Students have cemented a reputation of destructive behavior at street fests, and the city will treat us accordingly. After a few years with relatively relaxed police enforcement, local officers will patrol these parties anticipating a riot. City Council will continue passing laws that single out students, such as the noise ordinance. Mayor Paul Wiehl - soon seeking re-election in a town where few students vote - will likely encourage both.
But now, students have no room to complain.
It's time we look forward. Next weekend is Mill Fest, the last street festival of the year. With such a long street dispersing partiers, it's typically been one of the calmer fests in the past. This is a great opportunity to show the city we can responsibly enjoy ourselves without setting fires in the street and placing an undue burden on Athens.
Students must prove they can be responsible because it seems one of these fests will eventually end with someone seriously hurt or killed. Thousands of drunken and belligerent people gathered in a small area is a recipe for disaster - especially if one person pushes a police officer's horse too far. We are all lucky this has not yet happened.

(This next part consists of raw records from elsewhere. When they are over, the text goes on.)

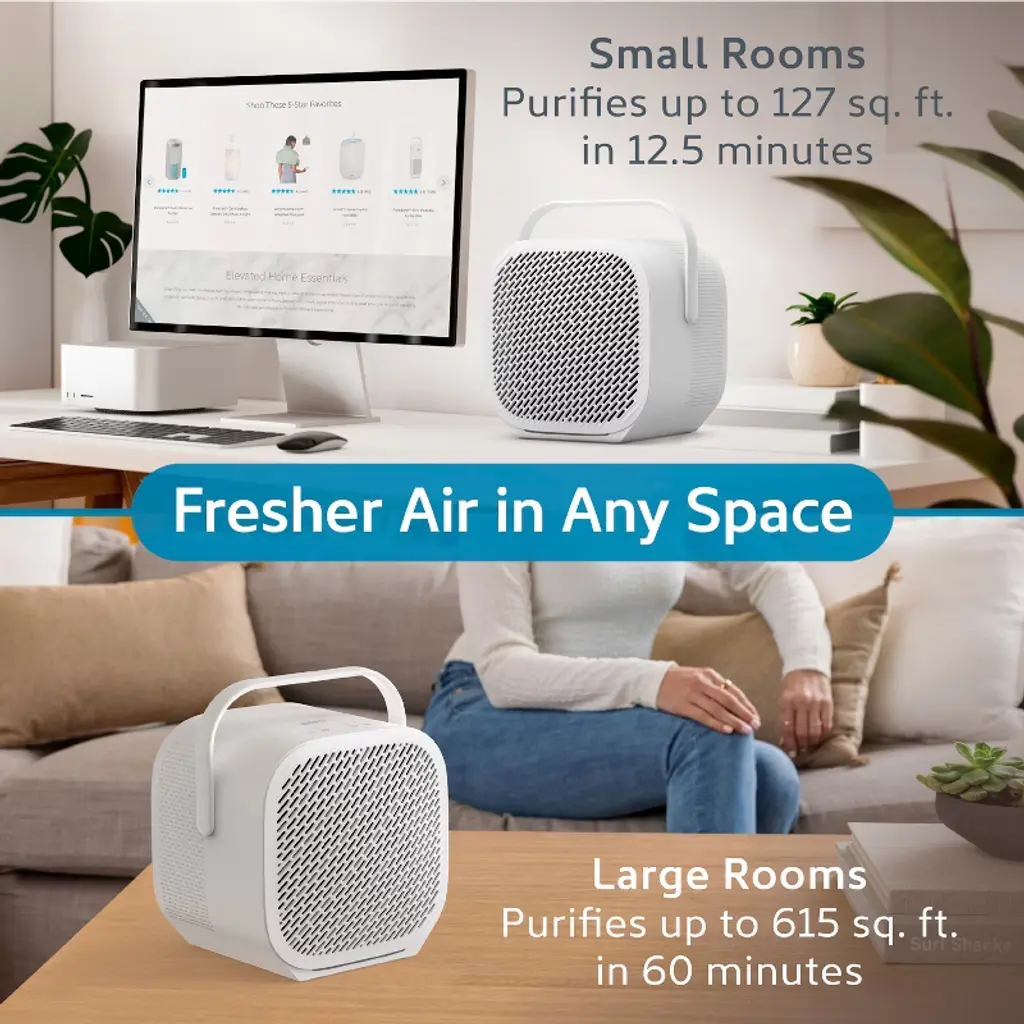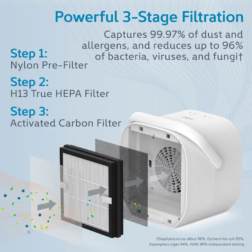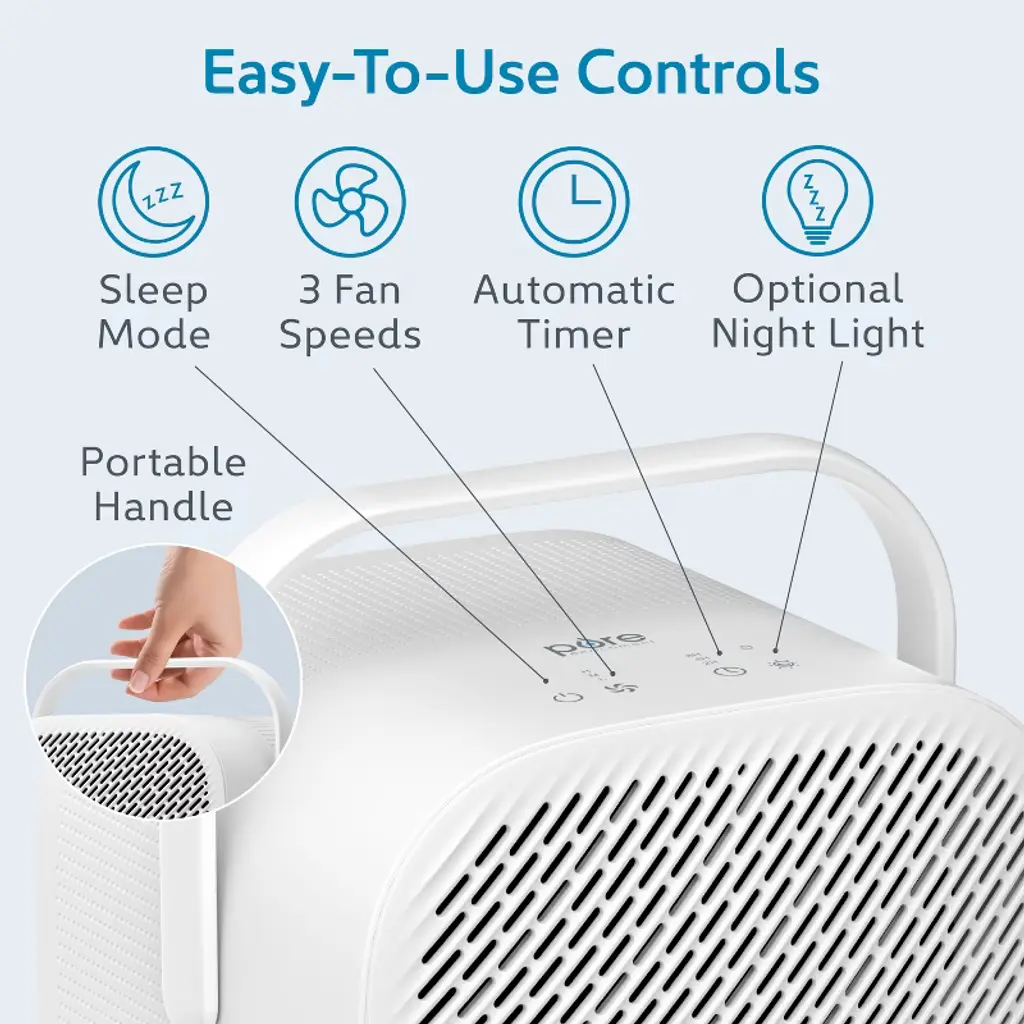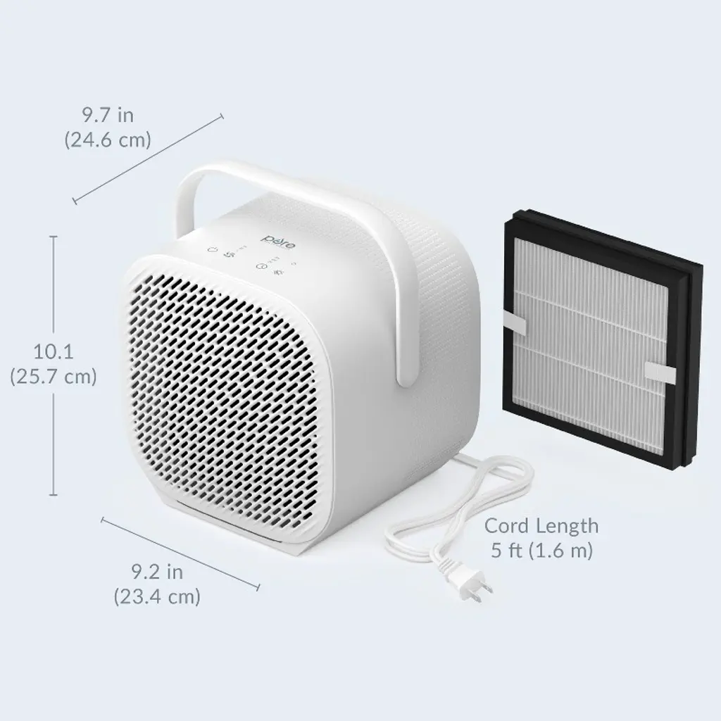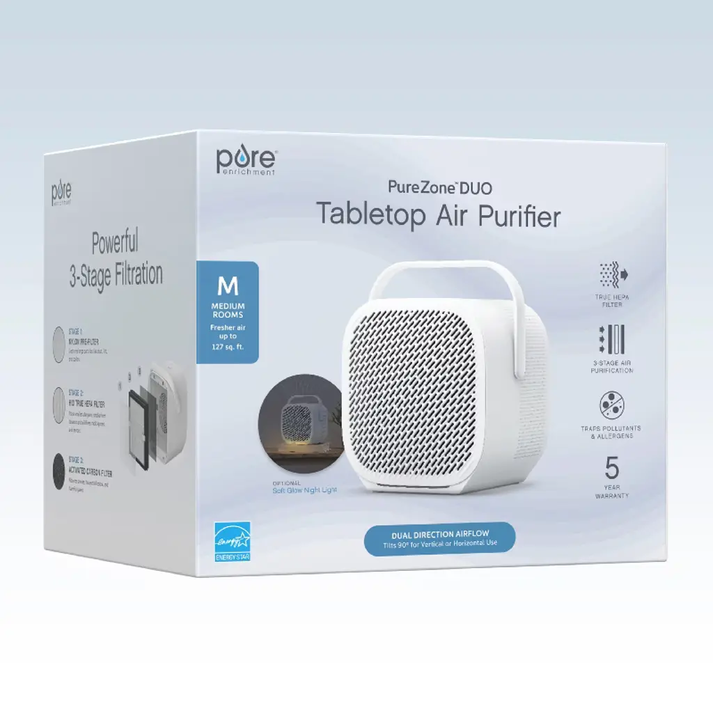 Enjoy fresher air for your family with the PureZone DUO Tabletop Air Purifier. This HEPA air purifier is the perfect solution for cleaner, fresher air in your home or workspace. With its powerful 3-stage filtration system, including a Nylon Pre-Filter, H13 True HEPA Filter, and Activated Carbon Filter, this air purifier for small to large rooms helps to eliminate odors, smoke, dust, and pollen, making it ideal for those with allergies or sensitivities. The portable air purifier adapts to your needs with dual-direction airflow, allowing you to use it horizontally in larger spaces or vertically in tighter areas. Designed as a tabletop air purifier, it features a compact, portable design that fits seamlessly on any desk, countertop, or nightstand. Perfect as a mini air purifier for desks or small spaces, it offers customizable settings like 3 fan speeds, a timer, and an optional nightlight with 3 brightness levels. Whisper-quiet and Energy Star-certified, this air purifier ensures you can enjoy clean air without noise or distractions, whether you're working, relaxing, or sleeping.Versatile Dual-Direction Airflow: Adjust the purifier to tilt 90° for horizontal use in large spaces or vertical use in smaller areas like desks and countertops.Designed for Portability: This small air purifier features a sleek, compact design, quiet operation, and a handle, making it ideal as a mini desk air purifier for home or office.Personalized Cean Air Comfort: Enjoy 3 fan speeds, a timer, sleep mode, and an optional nightlight, ensuring effective odor and pollen control while you rest or work.Sleek, Quiet, and Portable: Designed for modern living, the Energy-Star Certified compact purifier features a convenient handle for effortless placement in any space. It's whisper-quiet operation and efficient performance makes it perfect for bedrooms, offices, or dorms. 5-Year Manufacturer’s Warranty: Backed by Pure Enrichment’s 5-year manufacturer’s warranty and reliable customer support, this tabletop air purifier delivers trusted performance and long-lasting durability.
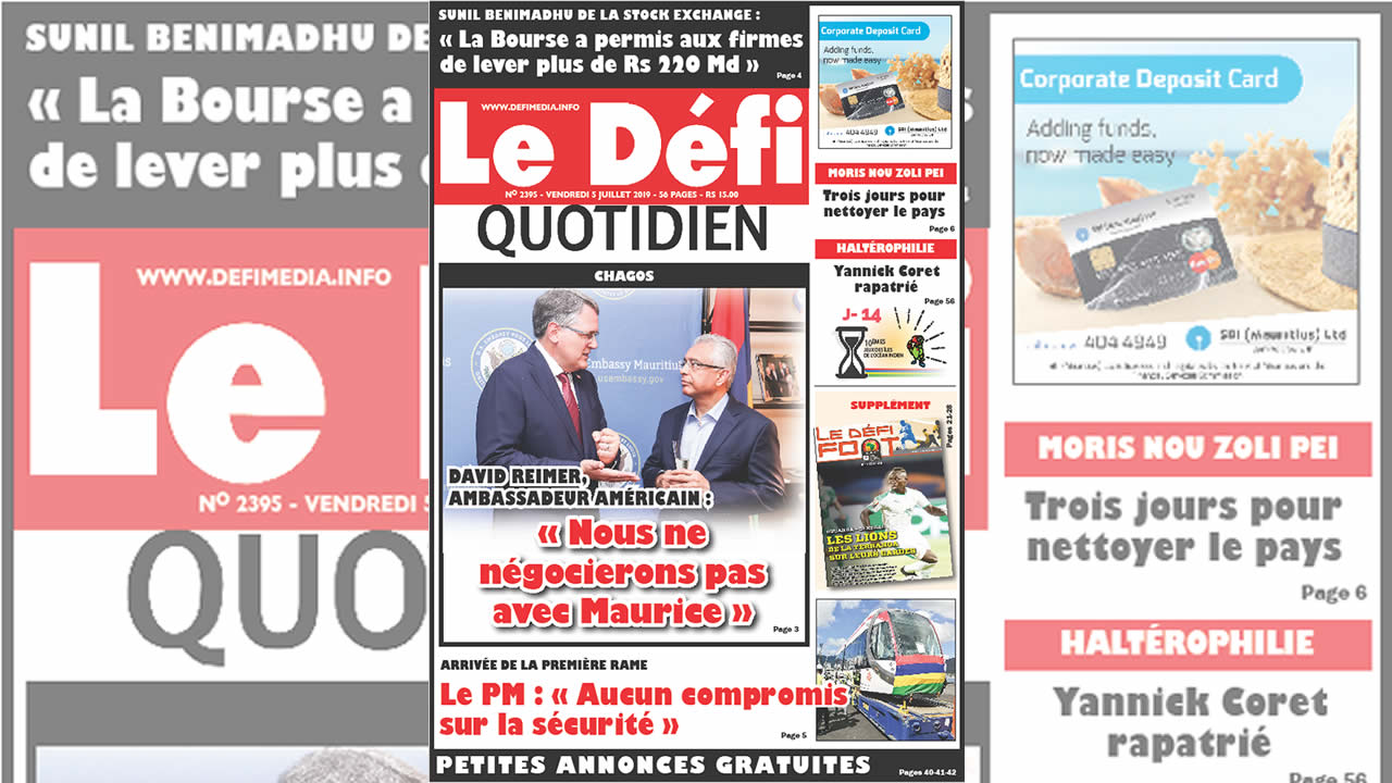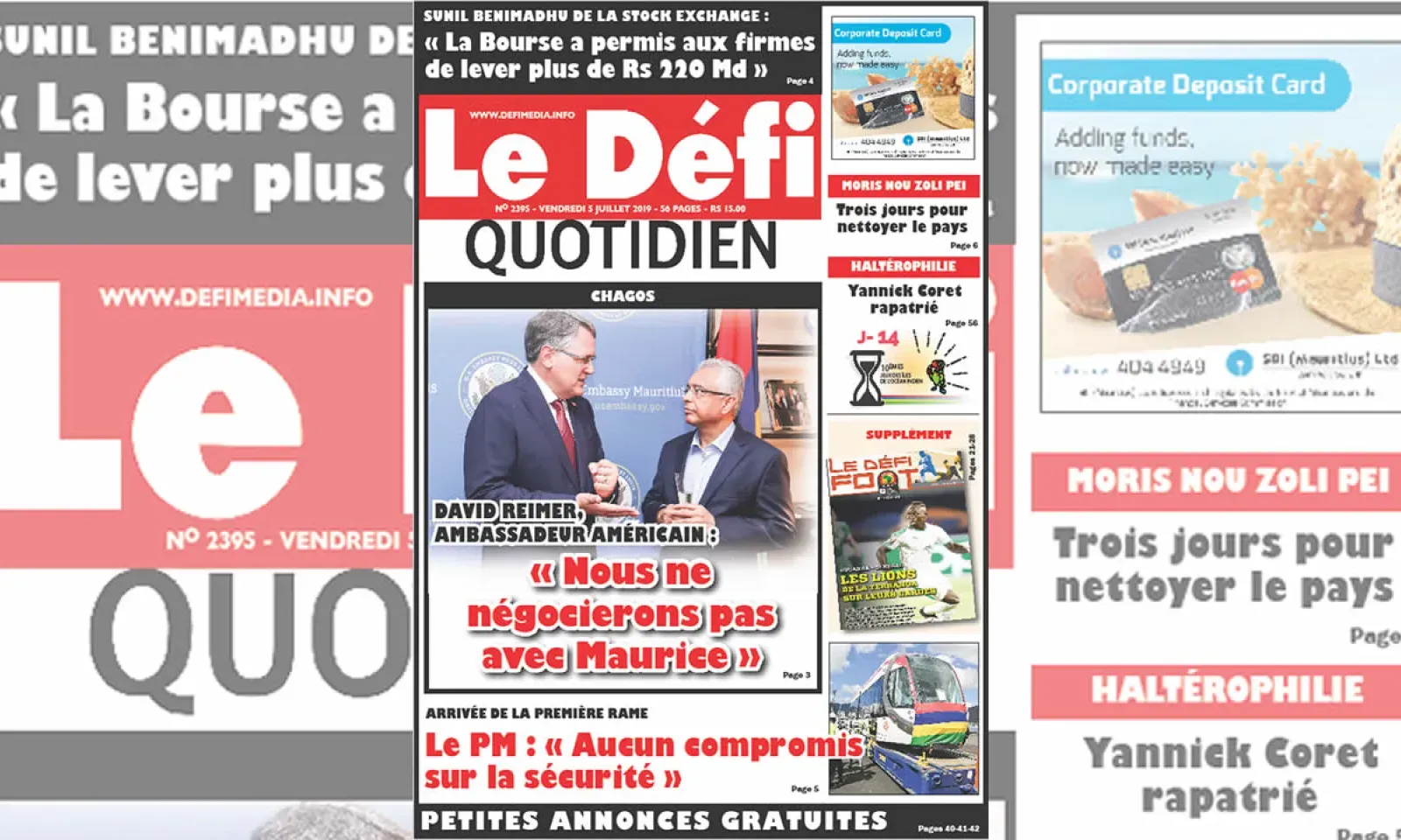 La position des États-Unis reste inchangée sur le dossier Chagos. L’ambassadeur américain à Maurice, David Reimer, a expliqué que son pays soutiendra toujours les Britanniques. C’était dans la soirée du jeudi 4 juillet, à l’occasion du 243e anniversaire de l’indépendance des États-Unis.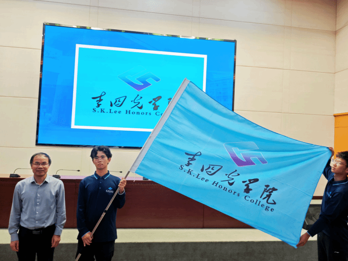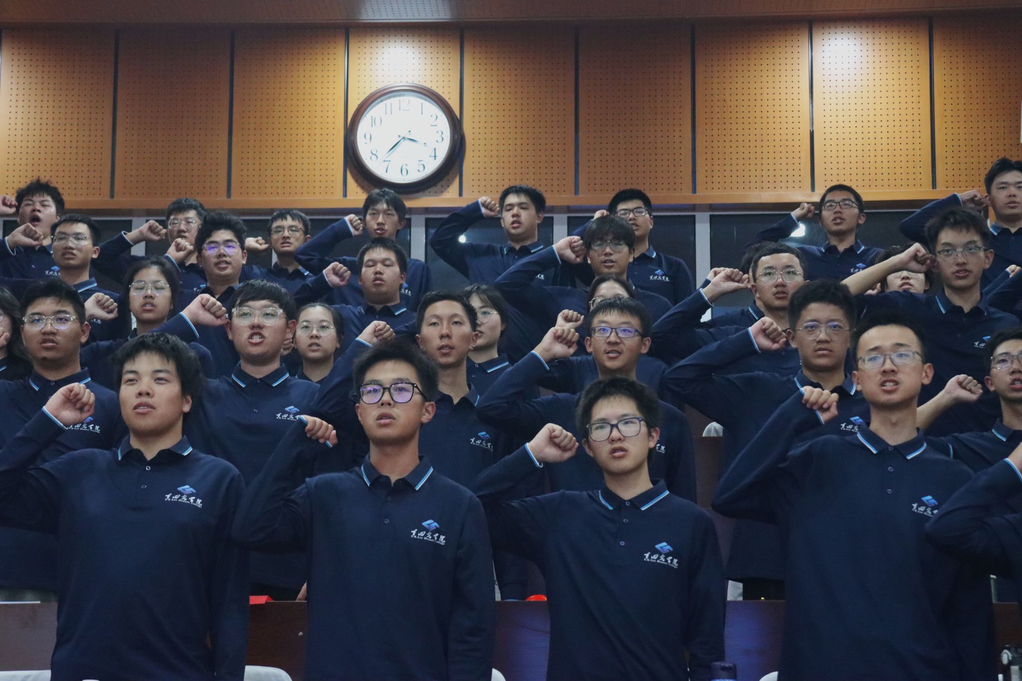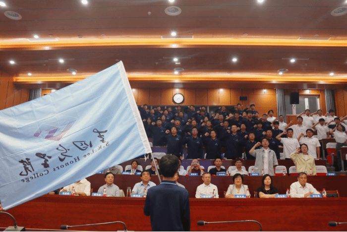 谢树成院士为新生代表授旗,在代表AWC万象城娱乐的蓝色院旗下,全体2025级新生在2022级优秀学生代表曾竑堃同学的领誓下,以青春的名义承诺践诺。

Every year, Ohio University students on a few streets open up their houses to guests who are hoping to make this fest bigger than the last one. With those students providing free alcohol to most strangers who show up, the fests take a turn for the worse come evening. Thousands of people screaming and cheering by these fires certainly does not help.
It might be a few people who are solely responsible for turning these fests violent, but all students must now live with the reputation or help change it.
Editorials represent the majority opinion of The Post's executive editors.